Bristol Archive Records Blog

The Long March – Album Review

Bristol Archive Records

William Waine (bass/vocals) seems the mainstay, having seen Dave Cullum (Rhythm Puppet) on guitar and even Mike Darby himself on vocals fall by the wayside, before David Simpson on guitar and the percussively powered Shane Leonard cemented the lineup, occasionally enlivened by string players Justine and Kate Dobbins, although it all occurred between 1986 and 1988 so it may have veered around for all I know. William now sings and swings with Dynamos Rhythm Aces. Snotty punk Dave suggests, “If, when you’re listening to these old tunes, you don’t like them, you can still fuck off!” Well said, that man.


‘When Reason Sleeps’ makes a fabulous impact immediately with keenly explorative vocals pushing through a lean but busy indie song, with muscular drums, and gently detonating guitar, it’s all very melodic, all very spirited. ‘Drowning’ pitches along with tumultuous despair through throttled guitar and wild vocal curves, like a darker version of Hurrah! ‘Weakness’ finds the drums escalate, the vocals drift away as a guitar vibrates cautiously and strings introduce more discretion. Whistles, percussion and drums buffet storytelling vocals in the cute ‘Black Friday’ which makes for an unusual approach, so they were inventive characters. The pattering drums, tight strings and constant vocal presence throughout ‘Themes For Dance’ seems like a bit of a mess when the melody could have been more all-embracing. ‘Risk’ is just as jumbled, with skittish strings poking against tumbling drums and feverish, bright vocals swooping madly, with plenty of gnashing energy evident, so regardless of their odd approach they carry you with them.

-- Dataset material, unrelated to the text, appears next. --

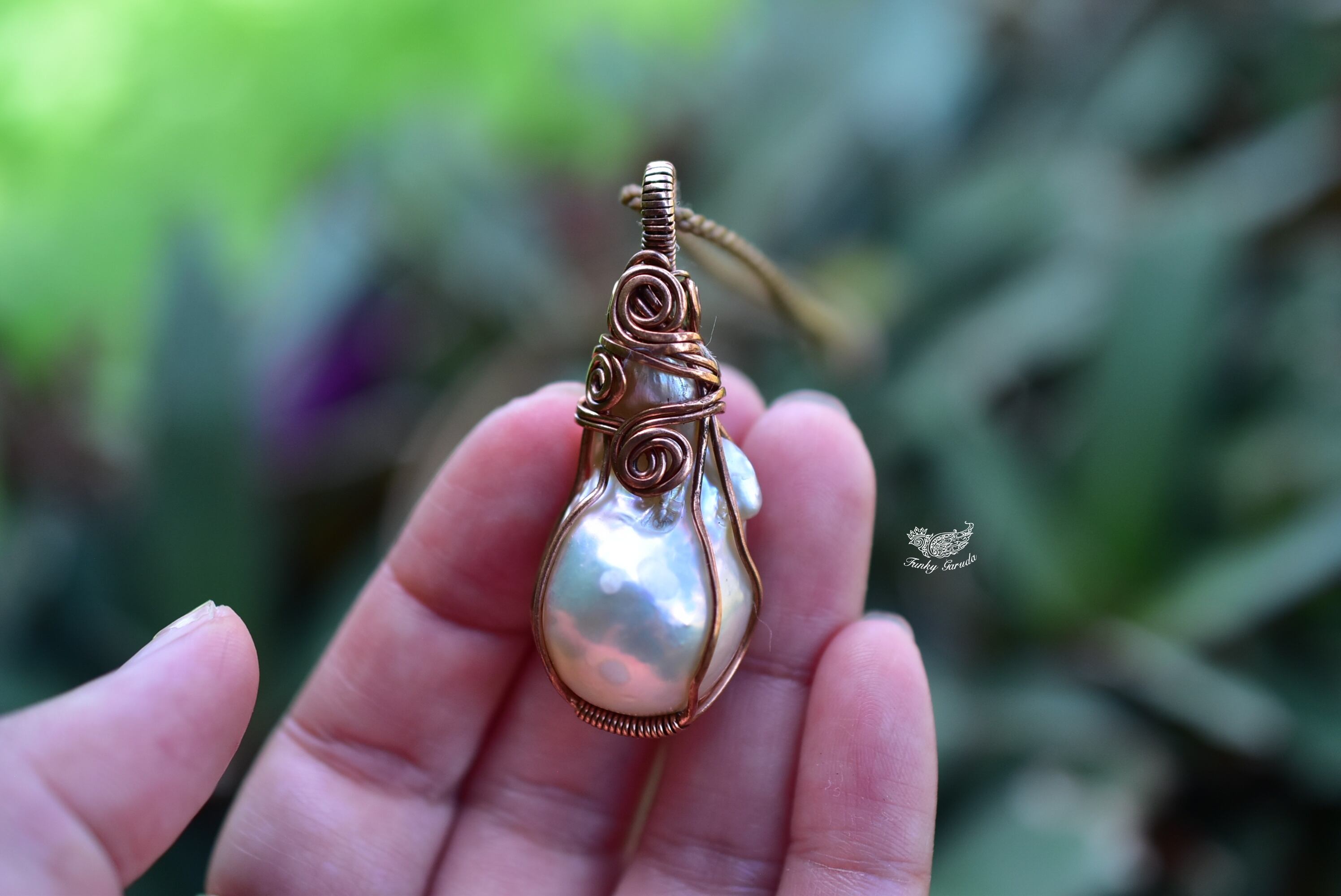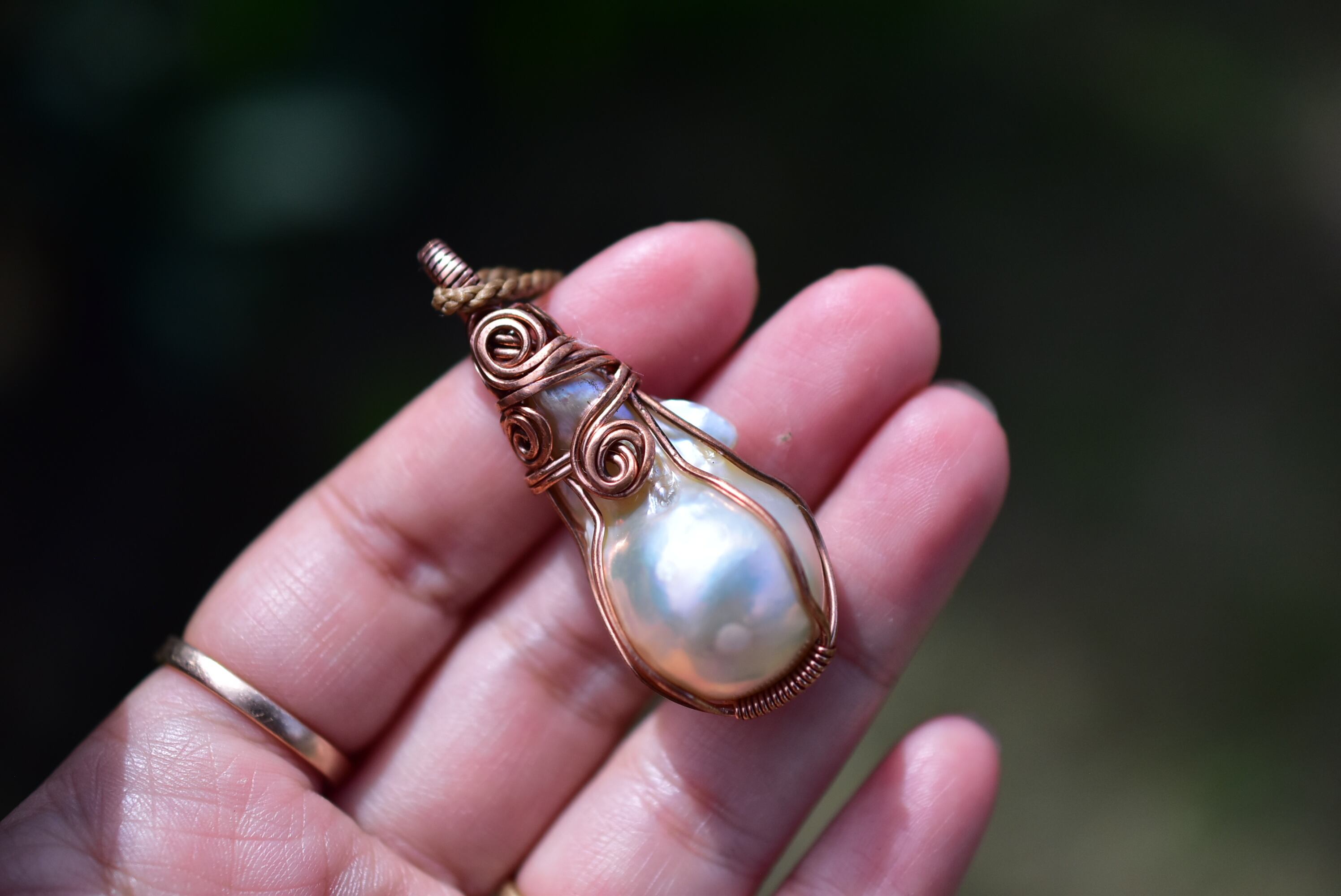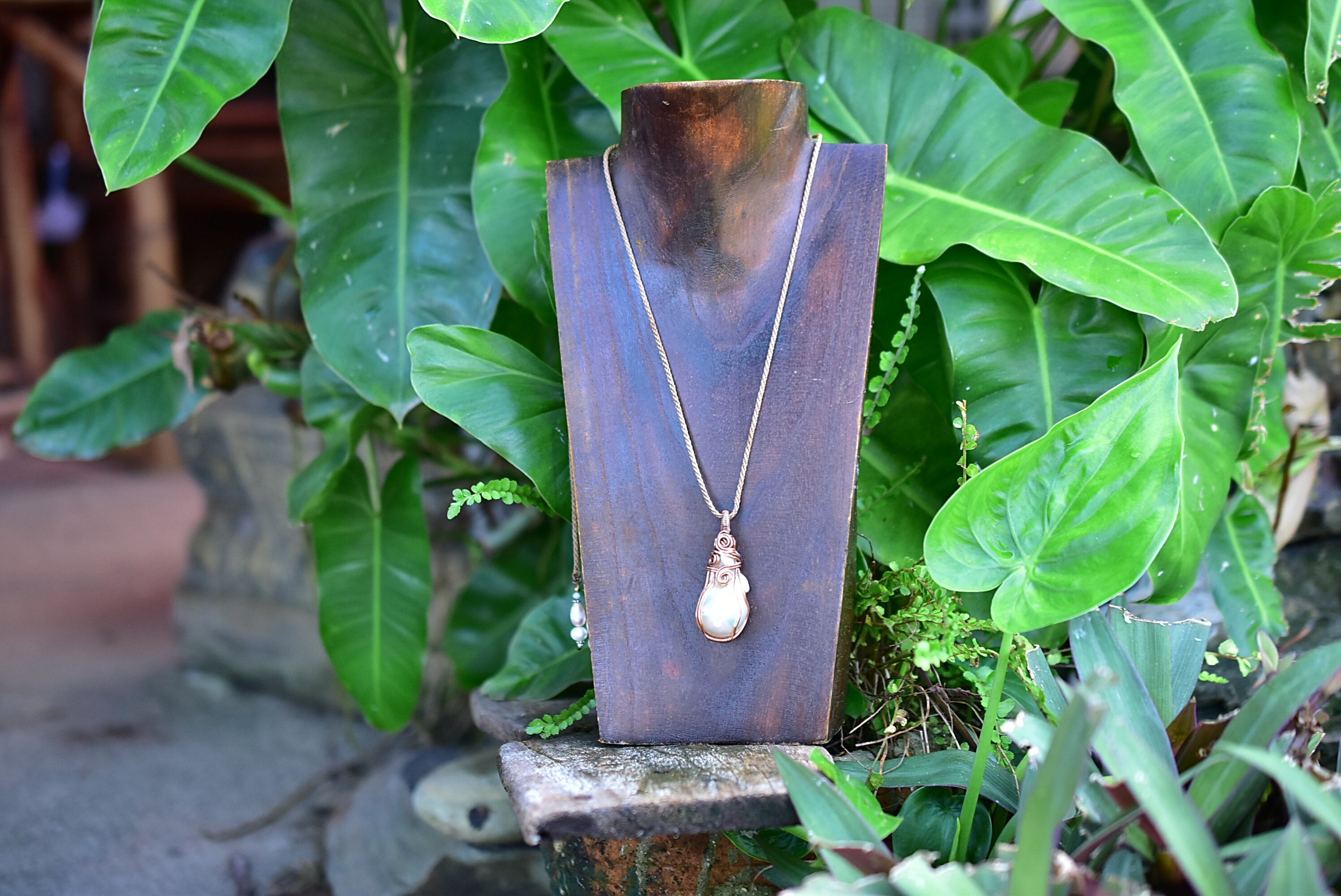 ナチュラルシェイプ★wire wrapping 大きな天然真珠ネックレス732

‘Heaven And Hell’ didn’t do much for me, as it surged along but the twirly twang of ‘My Six Miracles’ is more involving, despite the jolly guitar and tremulous vocals failing to explain what the six miracles actually were, which annoyed me. ‘Pride And Joy’ is simple agonised indie, with the more rhythmically pointy ‘Laugh Until You Cry’ doing the jostling pop thing. ‘Arena Days’ is pale but well propelled, then a live version of ‘I Am Your Ghost’ from the 1988 Ashton Court Festival maybe hints at what the website throws up, about the band loving punk and classical, because the terse delivery and sudden string moodiness creates an interesting collision. ‘Infantry’ drifts off on sorrowful strains, emoting quietly with some muted samples, before rough guitar goes off on some poisoned wrangling.

An odd indie band then, full of strange, winning elements. I don’t think I’d have followed them avidly at the time had I known about them, but they certainly had something.